Bug 1390557

Summary: Migrating "Powering Up" VM will drop the VM to the "pause" state
Product: [oVirt] vdsm Reporter: Artyom <alukiano>
Component: CoreAssignee: Dan Kenigsberg <danken>
Status: CLOSED INSUFFICIENT_DATA QA Contact: Artyom <alukiano>
Severity: high Docs Contact:
Priority: unspecified    
Version: 4.18.15CC: alukiano, bugs, gklein, mavital, tjelinek
Target Milestone: ---Flags: rule-engine: planning_ack?
rule-engine: devel_ack?
rule-engine: testing_ack?
Target Release: ---   
Hardware: x86_64   
OS: Linux   
Whiteboard:
Fixed In Version: Doc Type: If docs needed, set a value
Doc Text:
Story Points: ---
Clone Of: Environment:
Last Closed: 2016-11-10 11:44:18 UTC Type: Bug
Regression: --- Mount Type: ---
Documentation: --- CRM:
Verified Versions: Category: ---
oVirt Team: Virt RHEL 7.3 requirements from Atomic Host:
Cloudforms Team: --- Target Upstream Version:
Attachments:
Description Flags
logs none

Description Artyom 2016-11-01 11:56:41 UTC
Created attachment 1216071 [details]
logs

Description of problem:
I can see this bug only in automation run.
Test start the VM and when the VM has state "Powering Up" migrates it.

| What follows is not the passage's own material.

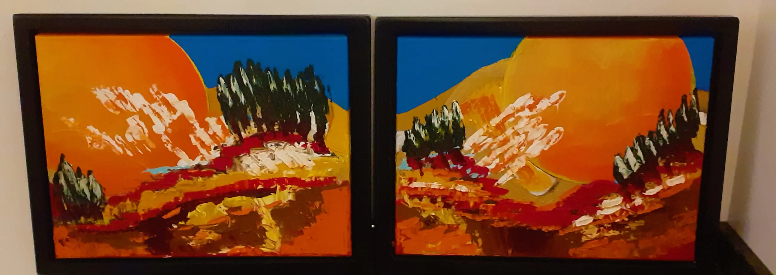 Tweeluik 'Kleurlandschap' Lijsten:Werken zijn zeer professioneel en degelijk ingelijst in zwarte baklijsten Prachtig, zeer kleurrijk tweeluik van kunstenaar Piet van Riel De acrylverf is zeer dik opgebracht, geeft 2D-effect, kleuren zijn prachtig (in het echt nog mooier dan op de foto)

Version-Release number of selected component (if applicable):
vdsm-yajsonrpc-4.18.15.2-1.el7ev.noarch
vdsm-jsonrpc-4.18.15.2-1.el7ev.noarch
vdsm-hook-vmfex-dev-4.18.15.2-1.el7ev.noarch
vdsm-hook-openstacknet-4.18.15.2-1.el7ev.noarch
vdsm-api-4.18.15.2-1.el7ev.noarch
vdsm-infra-4.18.15.2-1.el7ev.noarch
vdsm-hook-vhostmd-4.18.15.2-1.el7ev.noarch
vdsm-python-4.18.15.2-1.el7ev.noarch
vdsm-cli-4.18.15.2-1.el7ev.noarch
vdsm-4.18.15.2-1.el7ev.x86_64
vdsm-hook-ethtool-options-4.18.15.2-1.el7ev.noarch
vdsm-xmlrpc-4.18.15.2-1.el7ev.noarch
vdsm-hook-fcoe-4.18.15.2-1.el7ev.noarch

ovirt-engine-4.0.5.4-0.1.el7ev.noarch

How reproducible:
10% only under automation tests

Steps to Reproduce:
1. Start the VM
2. Migrate the VM in "Powering Up" state
3.

Actual results:
Migration succeeds, but the VM appears in the pause state on the destination host

Expected results:
Migration succeeds, and the VM has staet "Up"

Additional info:
I do not sure if the bug relates to the engine or vdsm

Comment 1 Dan Kenigsberg 2016-11-01 12:34:33 UTC
Is this a regression? did the same test pass with vdsm-v4.18.2 ?

What happens if you manually continue the VM on destination? Does the guest start running all right?

Comment 2 Artyom 2016-11-01 13:20:55 UTC
Like I said, it happens to me only under automation run(not in the same test case), so I can not reproduce it manually.
I believe it regression because the bug appears only in last automation runs, but again I do not sure for 100% because from all tests that we run it happens only for some single test case.

Comment 3 Dan Kenigsberg 2016-11-01 13:29:18 UTC
Artyom, what is the most recent version of vdsm that passes this test %100? Can you stop the test after failure, in order to see what happens inside the guest and whether manual "continue" solves things?

Comment 4 Artyom 2016-11-01 14:01:46 UTC
We do not have such long history of runs under Jenkins, but from email, I can see that 4.0.4-1 does not have tests that fail because of this bug.
I will try to catch the bug on my local automation environment and will check the guest, but I do not sure if I will succeed.
Until then can someone take a look at logs?

Comment 5 Tomas Jelinek 2016-11-08 12:16:42 UTC
hmmm, I have not found anything too interesting in the logs, could you please try to provide the qemu and libvirt logs from the destination host?
thanx

Comment 6 Artyom 2016-11-10 10:55:31 UTC
I do not have libvirt and qemu logs for the automation run.
I tried to reproduce this problem locally, but without result
100 iterations:
1) Start the VM
2) Migrate the VM straight forward after start
3) Stop the VM

Maybe this problem relates to some problematic host

I believe you can close it with insufficient data, in case if I will see this error again I will attach logs.

Comment 7 Tomas Jelinek 2016-11-10 11:44:18 UTC
Thank you!
So closing as insufficient data since without libvirt/qemu logs there is not much we can do.

If it will happen again and you will have this logs please reopen.